Metadata permissions - AWS Lake Formation

Metadata permissions

Lake Formation provides authorization and access control for the Data Catalog. When an IAM role makes a Data Catalog API call from any system, the Data Catalog verifies the user's data permissions and only returns the metadata that the user has permissions to access. For example, if an IAM role has access to only one table within a database, and a service or a user assuming the role performs the GetTables operation, the response will contain only the one table, regardless of the number of tables in the database.

Default settings - IAMAllowedPrincipal group permissions

AWS Lake Formation, by default, sets permissions to all databases and tables to a virtual group named IAMAllowedPrincipal. This group is unique and visible only within Lake Formation. The IAMAllowedPrincipal group includes all IAM principals who have access to Data Catalog resources through IAM principal policies and AWS Glue resource policies. If this permissions exists on a database or table, all principals will be granted access to the database or table.

If you want to provide more granular permissions on a database or table, remove IAMAllowedPrincipal permission and, Lake Formation enforces all other policies associated with that database or table. For example, if there is a policy that allows User A to access Database A with DESCRIBE permissions, and the IAMAllowedPrincipal exists with all permissions, User A will continue to perform all other actions, until the IAMAllowedPrincipal permission is revoked.

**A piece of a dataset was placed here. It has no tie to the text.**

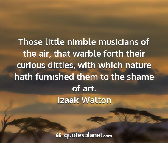 Those little nimble musicians of the air, that warble forth their curious ditties, with which nature hath furnished them to the shame of art.Izaak Walton

Additionally, by default, the IAMAllowedPrincipal group has permissions on all new databases and tables when they are created. There are two configurations that control this behaviour. The first is at the account and Region-level that enables this for newly created databases, and the second is at the database level. To modify the default setting, see Change the default permission model or use hybrid access mode.

Granting permissions

Data lake administrators can grant Data Catalog permissions to principals so that the principals can create and manage databases and tables, and can access underlying data.

Database and table-level permissions

When you grant permissions within Lake Formation, the grantor must specify the principal to grant permissions to, the resources to grant permissions on, and the actions that the grantee should have access to perform. For most resources within Lake Formation, the principal list and resources to grant permissions are similar, but the actions that a grantee can perform differs based on the resource type. For example, SELECT permissions are available for tables to read the tables, but SELECT permissions are not allowed on databases. The CREATE_TABLE permission is permissible on databases, but not on tables.

You can grant AWS Lake Formation permissions using two methods:

  • Named resource method – Allows you to choose database and table names while granting permissions to users.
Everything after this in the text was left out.